The collections.OrderedDict class is available if that's what you need. You could efficiently get its first four elements as
import itertools
import collections
d = collections.OrderedDict((('foo', 'bar'), (1, 'a'), (2, 'b'), (3, 'c'), (4, 'd')))
x = itertools.islice(d.items(), 0, 4)
for key, value in x:
print key, value
itertools.islice allows you to lazily take a slice of elements from any iterator. If you want the result to be reusable you'd need to convert it to a list or something, like so:
x = list(itertools.islice(d.items(), 0, 4))
foo = {'a':1, 'b':2, 'c':3, 'd':4, 'e':5, 'f':6}
iterator = iter(foo.items())
for i in range(3):
print(next(iterator))
Basically, turn the view (dict_items) into an iterator, and then iterate it with next().
in py3, this will do the trick
{A:N for (A,N) in [x for x in d.items()][:4]}
{'a': 3, 'b': 2, 'c': 3, 'd': 4}
You can get dictionary items by calling .items() on the dictionary. then convert that to a list and from there get first N items as you would on any list.
below code prints first 3 items of the dictionary object
e.g.
d = {'a': 3, 'b': 2, 'c': 3, 'd': 4, 'e': 5}
first_three_items = list(d.items())[:3]
print(first_three_items)
Outputs:
[('a', 3), ('b', 2), ('c', 3)]
For Python 3.8 the correct answer should be:
import more_itertools
d = {'a': 3, 'b': 2, 'c': 3, 'd': 4, 'e': 5}
first_n = more_itertools.take(3, d.items())
print(len(first_n))
print(first_n)
Whose output is:
3
[('a', 3), ('b', 2), ('c', 3)]
After pip install more-itertools of course.
Did not see it on here. Will not be ordered but the simplest syntactically if you need to just take some elements from a dictionary.
n = 2
{key:value for key,value in d.items()[0:n]}
Were d is your dictionary and n is the printing number:
for idx, (k, v) in enumerate(d.items()):
if idx == n: break
print(k, v)
Casting your dictionary to a list can be slow.
Your dictionary may be too large and you don't need to cast all of it just for printing a few of the first.
See PEP 0265 on sorting dictionaries. Then use the aforementioned iterable code.
If you need more efficiency in the sorted key-value pairs. Use a different data structure. That is, one that maintains sorted order and the key-value associations.
E.g.
import bisect
kvlist = [('a', 1), ('b', 2), ('c', 3), ('e', 5)]

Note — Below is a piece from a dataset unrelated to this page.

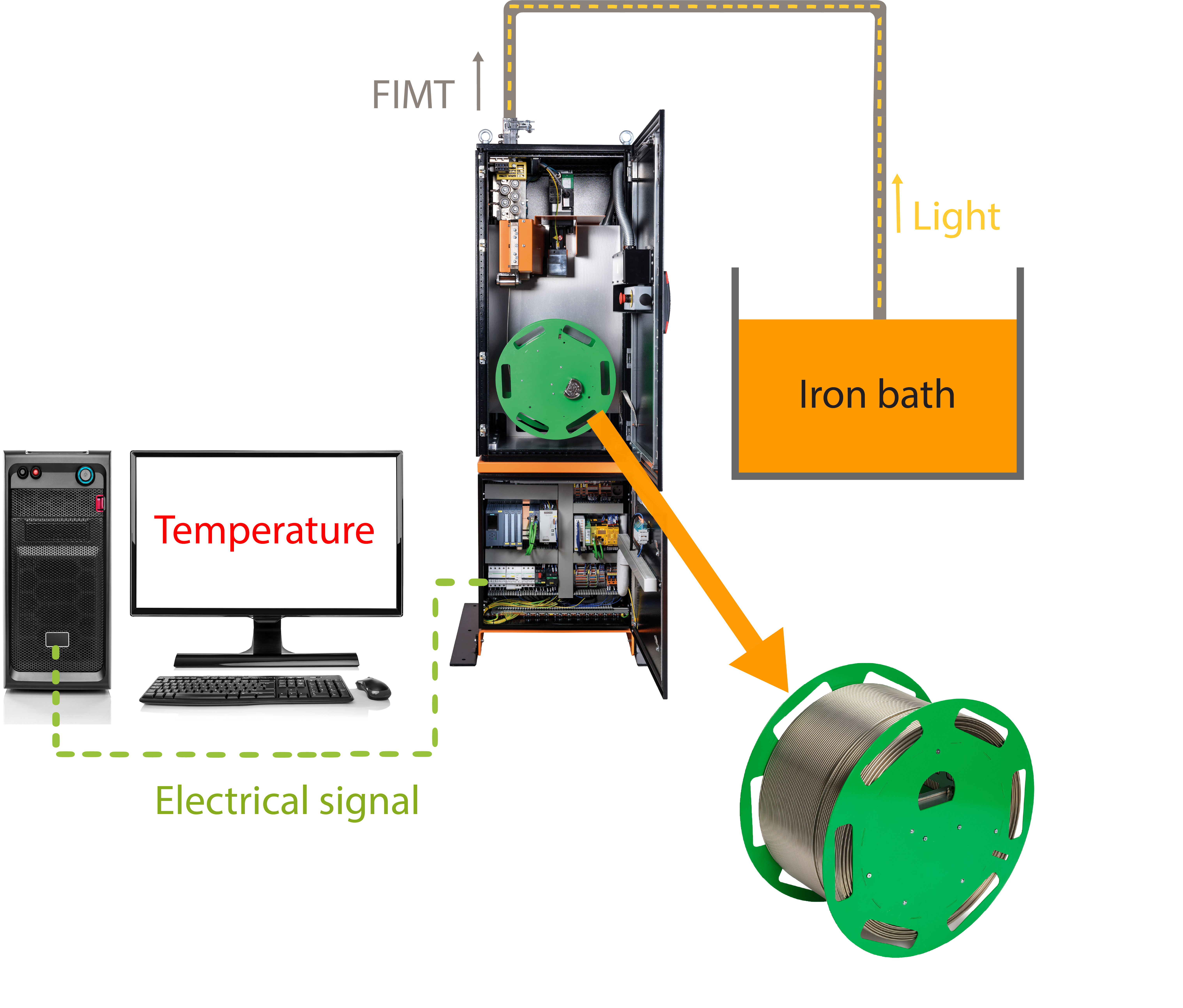 Chameleon Foundry is a precision temperature measurement system designed for foundries, it can measure in the pouring line and ladle. It uses an automated, optical fiber-based measuring system to deliver accurate temperature readings of liquid iron.

bisect.insort_left(kvlist, ('d', 4))
print kvlist # [('a', 1), ('b', 2), ('c', 3), ('d', 4), ('e', 5)]
just add an answer using zip,
{k: d[k] for k, _ in zip(d, range(n))}
This will work for python 3.8+:
d_new = {k:v for i, (k, v) in enumerate(d.items()) if i < n}
This depends on what is 'most efficient' in your case.
If you just want a semi-random sample of a huge dictionary foo, use foo.iteritems() and take as many values from it as you need, it's a lazy operation that avoids creation of an explicit list of keys or items.
If you need to sort keys first, there's no way around using something like keys = foo.keys(); keys.sort() or sorted(foo.iterkeys()), you'll have to build an explicit list of keys. Then slice or iterate through first N keys.
BTW why do you care about the 'efficient' way? Did you profile your program? If you did not, use the obvious and easy to understand way first. Chances are it will do pretty well without becoming a bottleneck.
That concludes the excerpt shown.